UPS missed a priority window to make ferry reservations for its trucks to travel to Nantucket this summer – leaving businesses scrambling to accommodate affluent locals and wealthy visitors.
The Sea Mail did not request reservations for its trucks during an initial priority window before ferries for Tony’s Island’s busiest season, May to October, were booked at nearby their ability, reported the Boston Globe.
“This is going to throw us into a world of pain,” Shantaw Bloise, business manager at the Nantucket Chamber of Commerce, told the newspaper. “I can’t imagine how we will be able to operate relying solely on DHL, FedEx and the Postal Service.”
James Malkin, a board member of the Steamship Authority, which regulates ferry operations between mainland Massachusetts and Nantucket, said UPS did not respond last fall when it sent documents to shippers freight to make ferry reservations for this summer.
The Steamship Authority even asked why UPS didn’t respond before reservations opened to the public, Malkin said.
“Someone at UPS dropped the ball,” he told The Globe.
It’s unclear exactly when, but at some point “the light bulb went out” and UPS recognized the error and picked up all available reservations for its trucks to reach the Nantucket distribution center, said Malkin.
“But they don’t have what they need,” Malkin continued.

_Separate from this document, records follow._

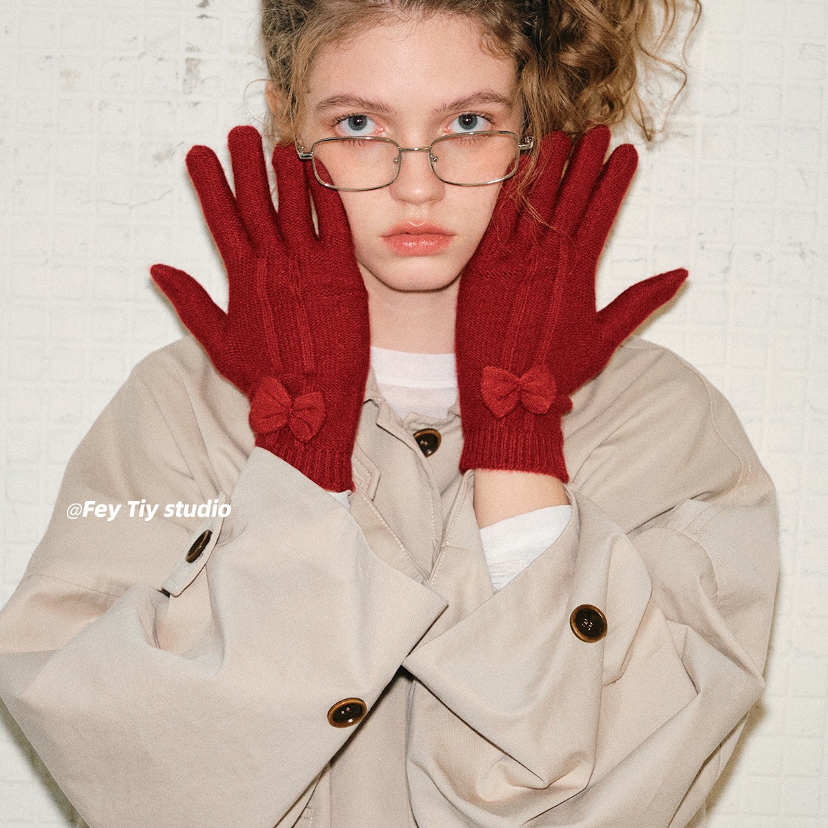 出口日韩2025新蝴蝶结可触屏分指韩国ins可爱针织毛线五指羊毛手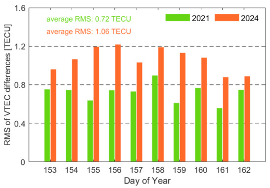 Figure 8 summarizes the RMS of ionospheric VTEC values derived from the IW SFPPP method. The error bars in this figure represent the STD of ionospheric VTEC values. The ionospheric VTEC values in 2024 with about 30 TECU are much larger than those in 2021 with about 12 TECU, which is consistent with the trend of the F10.7 index during the same period (seen in Figure 2). From the results of the error bars, it can be seen that the mean STD of ionospheric VTEC in 2024 can reach 8 TECU, while in 2021, the corresponding statistical value is around 3.7 TECU. This proves that the ionospheric VTEC in 2024 have greater variation amplitude in daily solutions.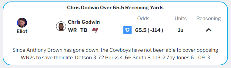 With Dallasâ corners hurting and their pass rush far less effective, Godwinâs over on his 67.5 yardage prop looks worth taking, and chasing him as a TD scorer in the first TD prop market or a single-game parlay also makes sense.
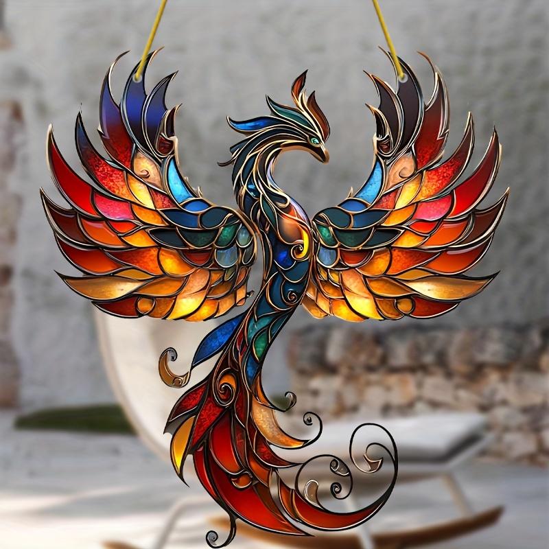2D Aurora Phoenix Acrylic Light Catcher Solar Catcher Hanging Home Decor Auspicious Phoenix Theme Bedroom Garden Gift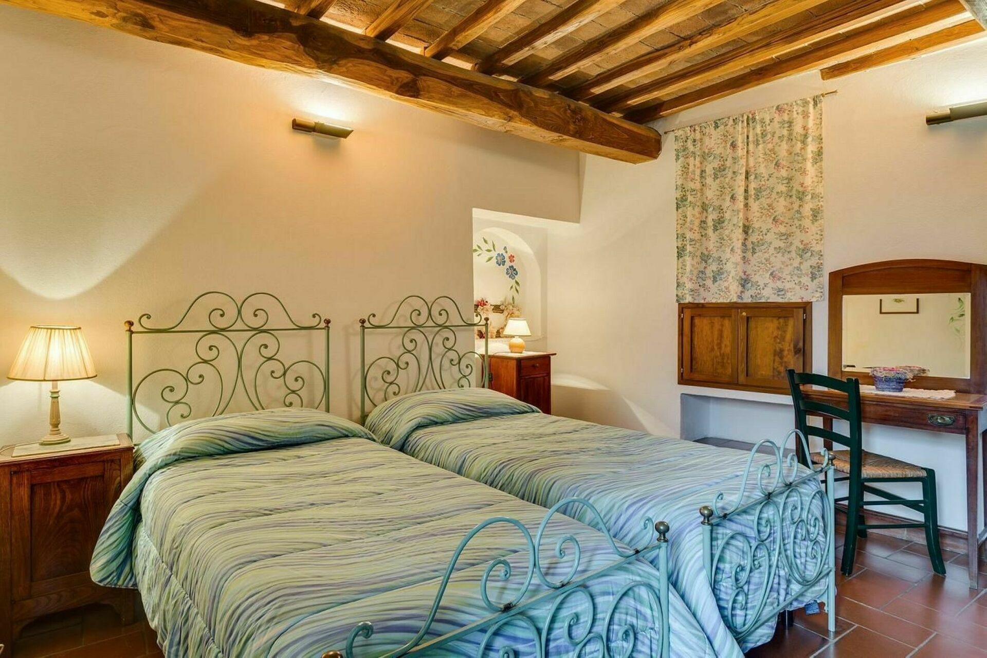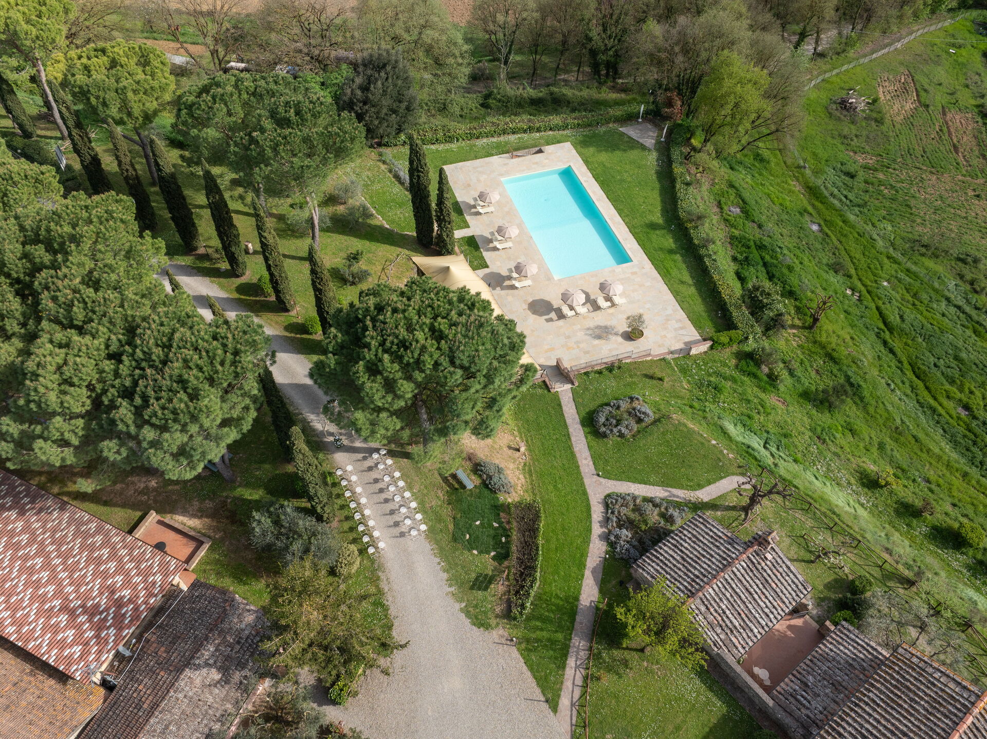 En los terrenos hay una piscina privada para disfrutar y descansar en los días cercanos a la ceremonia de la boda, una zona verde ideal para jugar, un jardín de estilo italiano donde se pueden celebrar ceremonias de boda y ceremonias simbólicas, una encantadora terraza de baldosas donde se pueden colocar mesas para bodas y cenas al aire libre, y un montón de pequeños rincones con mesas y asientos donde sus amigos y familiares pueden relajarse y descansar durante su estancia en la Toscana. La ventaja de una boda en Italia es que todo el mundo puede disfrutar de unas vacaciones.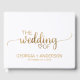 Este simples livro de hóspedes de caligrafia em ouro é perfeito para um casamento chic. O clássico design romântico apresenta uma falsa tipografia de folha de ouro e um adorável coração ouro. Personalize o cobrir com os nomes da noiva e do noivo e a data do casamento. Nota: Este design não apresenta folha de ouro real. É um gráfico de alta qualidade feito para se parecer com folhas de ouro.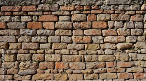 Ancient stone wall of an 18th century castle or fortress with weathered and cracked bricks in close up view.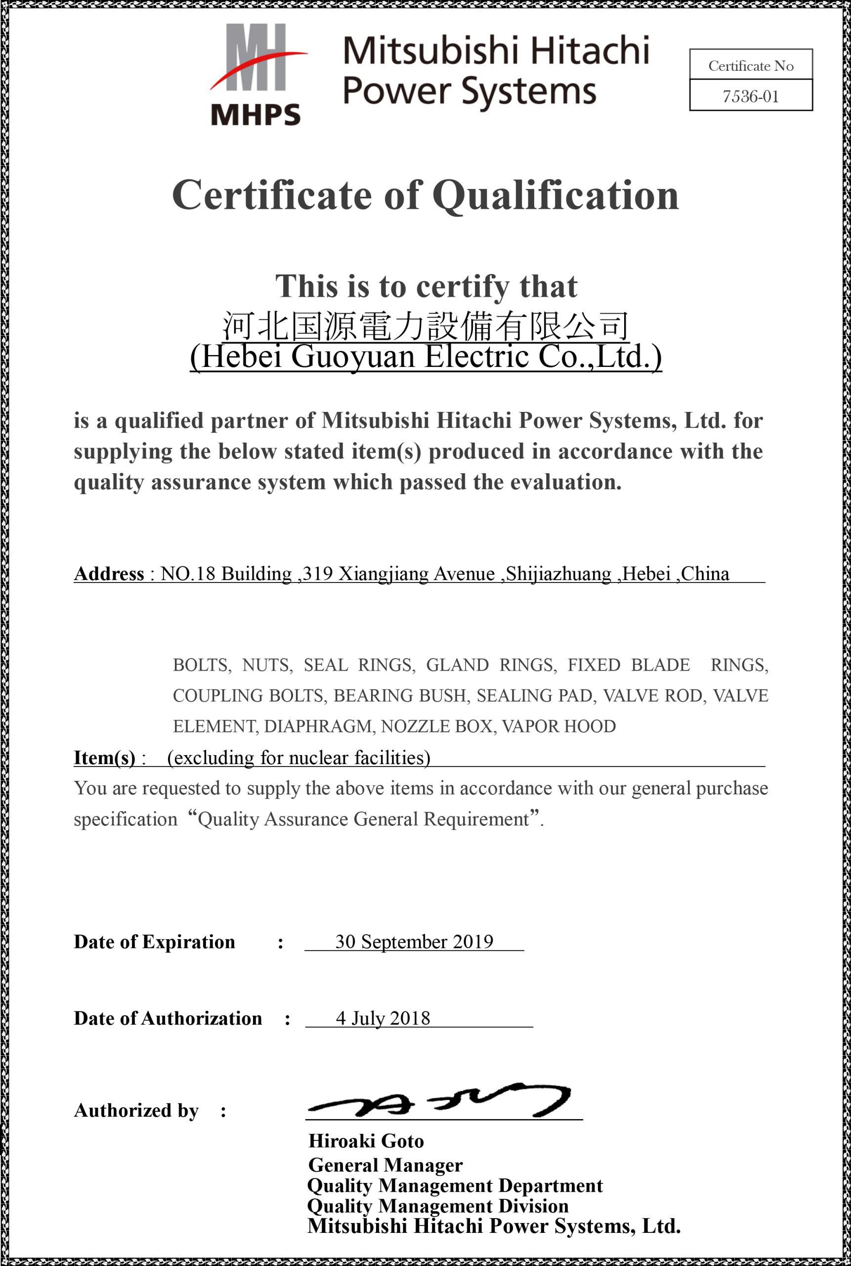三菱日立電力系統(tǒng)合格供方證書 2018-09-29

Stephanie Correia, who operates Stephanie’s, a clothing and home goods store on Main Street, said UPS was a “lifeline” for businesses like hers and wondered how the company could dropping the ball so blatantly.
“You cross your Ts and dot your Is,” Correia told The Globe. “I’ve been in business for 26 years and I’ve never seen anything like it.”
A message seeking comment from UPS was not immediately returned early Monday, but a company spokesperson said the courier was working to find other solutions.
“UPS has ferry reservations and is working on other transportation options to ensure packages are delivered to the island on time during the busy summer season,” UPS told The Globe.
UPS ferry reservations to Martha’s Vineyard appear unaffected, the Globe reported, although joint reservations for the two islands are usually requested on the same form.
But if UPS’s outage to Nantucket isn’t resolved by May, retailers and ordinary residents could suffer the consequences of low supplies of food, fuel and appliances.
“We get two UPS deliveries a day,” Vanessa Moore of Nantucket Housefitters told The Globe. “Our customers won’t get the tiles for their bathroom floors.”
But simply adding capacity to scare shippers might not be feasible, a Steamship Authority spokesperson said.
“We’re basically at the maximum number of routes right now in terms of the number of boats and crew members,” spokesman Sean Driscoll said. “There might be a few trips here and there, we might add, but not on a systemic basis… There is no secret tunnel for freight shippers.”
A Nantucket store owner, meanwhile, told Bloise that she was even considering transporting her goods to the island herself.
“People are going to have to get creative,” the business manager of the Nantucket Chamber of Commerce told The Globe.